- ICH GCP
- US Clinical Trials Registry
- Clinical Trial NCT06224140
Heparin-Free Chronic HemoDialysis Assessment (HepFreeHD)
Intermittent hemodialysis is a complex technique which requires careful monitoring of anticoagulation levels to prevent clotting and reduce the risk of bleeding complications. Dialysis patients often exhibit hypercoagulable tendencies due to uremic state, turbulent blood flows in dialysis procedures, and thrombogenic exposure to artificial surfaces of dialysis tubing. Patients with ESRD may experience both dialyzer clotting and excessive bleeding, so individualized heparin dosing and periodic adjustments are necessary to ensure adequate anticoagulation during hemodialysis. The ideal anticoagulant should prevent thrombosis while minimizing the risk of intra- and interdialytic bleeding. The use of heparin carries risks such as worsening of osteoporosis and dyslipidemia, allergic reactions like pruritus, and the potential for life-threatening heparin-induced thrombocytopenia (HIT) for which avoidance of heparin is necessary during dialysis.Heparin, in both its unfractionated heparin (UFH) and low molecular weight heparin (LMWH) forms, is the most commonly used anticoagulant, though evidence comparing their efficacy and risk of bleeding remains inconclusive. End-stage renal disease (ESRD) patients, who are already at higher risk of serious bleeding, may benefit from regional anticoagulation (RA) techniques, as they typically receive around 600,000 IU of heparin per year. The investigators performed routinely a simplified regional anticoagulation procedure (RAP) using a constant calcium re-injection rate over the time to avoid hypocalcemia. This procedure eliminates the need for citrate infusion and calcium monitoring, and reduces nurse workload in a chronic dialysis unit. The investigators compared 21 chronic dialysis patients with 198 RA and 195 heparin sessions, where each patient acted as their own control. None of them were on VKA during the RA sessions, 62% were on single anti-platelet therapy and 14% were on dual anti-platelet therapy. The dialysis session success rate was 94% in the RA group and 97% in the heparin group, with no significant differences (p=0.22). The circuit loss rate was 1.5% per RA session and 0.5% per heparin session (p=0.23), and the early blood restitution rate was 3% and 1.5% (p=0.50) in the RA and heparin groups, respectively
Hypothesis: RAP can be as effective as systemic anticoagulation with heparin for intermittent dialysis in chronic hemodialysis patients, with the potential to reduce the rate of hemorrhagic events
Study Overview
Status
Conditions
Intervention / Treatment
Study Type
Enrollment (Estimated)
Phase
- Not Applicable
Contacts and Locations
Study Contact
- Name: Thomas Robert
- Phone Number: +33 04 91 38 41 17
- Email: thomas.robert@ap-hm.fr
Participation Criteria
Eligibility Criteria
Ages Eligible for Study
- Adult
- Older Adult
Accepts Healthy Volunteers
Description
Inclusion Criteria:
- Man or woman aged 18 years or more
- Patients with end-stage renal disease (ESRD) under intermittent hemodialysis, for more than 3 months prior to screening and with a dialysis duration prescription of at least 4 hours
- Effective anticoagulation either by UFH or by LMWH of the dialysis session defined by the absence of circuit loss in the last 3 months.
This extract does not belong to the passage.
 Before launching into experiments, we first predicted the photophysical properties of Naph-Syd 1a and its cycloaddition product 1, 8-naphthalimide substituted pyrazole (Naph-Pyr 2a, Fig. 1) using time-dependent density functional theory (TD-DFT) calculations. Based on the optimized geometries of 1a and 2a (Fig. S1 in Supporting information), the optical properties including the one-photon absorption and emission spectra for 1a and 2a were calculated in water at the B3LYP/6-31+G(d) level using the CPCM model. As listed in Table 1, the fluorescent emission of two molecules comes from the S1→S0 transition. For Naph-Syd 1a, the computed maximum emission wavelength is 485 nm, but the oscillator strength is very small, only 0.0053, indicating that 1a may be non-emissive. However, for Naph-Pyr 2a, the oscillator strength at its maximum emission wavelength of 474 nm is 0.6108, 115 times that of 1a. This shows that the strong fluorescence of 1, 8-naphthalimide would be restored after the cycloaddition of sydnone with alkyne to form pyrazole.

- Dialysis adequacy defined by a mean Kt/V ≥1.2.
- Calcemia within the normal range at inclusion (2.2 to 2.6 mmol/L) (based on the results of the last monthly blood test)
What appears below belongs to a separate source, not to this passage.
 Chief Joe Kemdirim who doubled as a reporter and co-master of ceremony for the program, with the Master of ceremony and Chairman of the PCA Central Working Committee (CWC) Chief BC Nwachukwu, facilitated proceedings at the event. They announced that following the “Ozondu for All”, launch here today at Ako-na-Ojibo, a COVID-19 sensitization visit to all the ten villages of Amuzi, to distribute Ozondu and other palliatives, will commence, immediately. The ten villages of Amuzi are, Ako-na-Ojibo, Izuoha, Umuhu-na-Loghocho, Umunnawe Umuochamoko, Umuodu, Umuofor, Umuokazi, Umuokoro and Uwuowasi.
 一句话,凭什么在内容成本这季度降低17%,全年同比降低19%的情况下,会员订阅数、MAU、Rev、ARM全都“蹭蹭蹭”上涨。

- Subject affiliated to or beneficiary of a social security system.
- Subject having signed written informed consent.
Exclusion Criteria:
- Dysfunctional vascular access at the screening
- Unipunction of the AVF
- Patient treated by hemofiltration or hemodiafiltration procedure
- Current anticoagulation treatment
- Patient treated by digitalizing drugs
- Patient treated by thiazide diuretics
- Patient with hypercalcemia and/or hypercalciuria
- History of sensitivity to heparin or heparin-induced thrombocytopenia.
- Active hemorrhage
- High bleeding risk defined by the following situations: recent bleeding of less than 7 days, recent post-operative period of less than 7 days, recent head trauma of less than 7 days, recent ischemic stroke of less than 7 days, uremic pericarditis.
- Body weight < 45 kg and > 140 kg at screening.
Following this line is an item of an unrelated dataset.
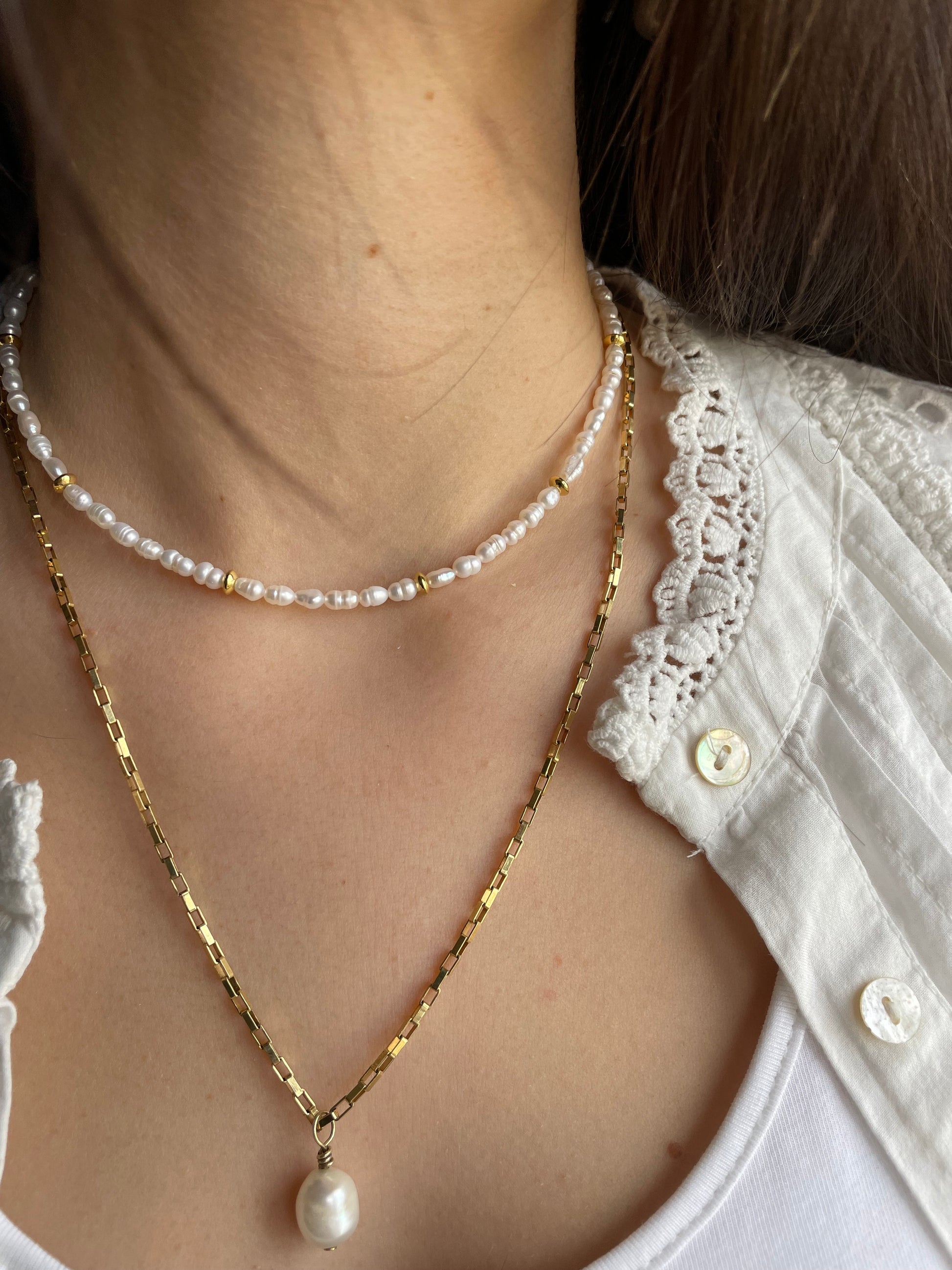 Unsere Amalfi Halskette ist mit süßen, reinen Süßwasserperlen in Deutschland handgefertigt. Die perfekte Ergänzung zu jedem Outfit für einen Hauch von Stil und Eleganz. Besonders lieben wir sie in einem Layering-Look, wie zum Beispiel hier mit Elsa.

- Known allergy to citrate
- Hospitalization at the screening for all other causes apart from dialysis
- Moribund status (defined by the expectation of death in less than three months).
- Liver failure (to prevent citrate liver toxicity) based on the results of the last monthly or quarterly blood test
- Ongoing participation in a concurrent interventional study in dialysis or with anti-coagulation therapy or with anti-platelet therapy
- Pregnancy (declarative) or breastfeeding and all the other categories of people with special protection according to the French Code de la Santé Publique (CSP): patients under legal supervision, patients hospitalized without consent, patients admitted in social or sanitary structures for care and not research, and patients in emergency situations
- Patients unable to give an informed consent or unwilling to participate in the study.
- Heparin-coated membrane in current dialysis prescription
Study Plan
How is the study designed?
Design Details
- Primary Purpose: Supportive Care
- Allocation: Randomized
- Interventional Model: Parallel Assignment
- Masking: None (Open Label)
Arms and Interventions
Participant Group / Arm |
Intervention / Treatment |
---|---|
Active Comparator: Heparin Anticoagulation
|
Conventional dialysis with heparin as anticoagulant treatment
|
Experimental: Regional Anticoagulation Procedure (RAP)
|
Dialysis without heparin as anticoagulant but based on the use of a calcium-free dialysis bath.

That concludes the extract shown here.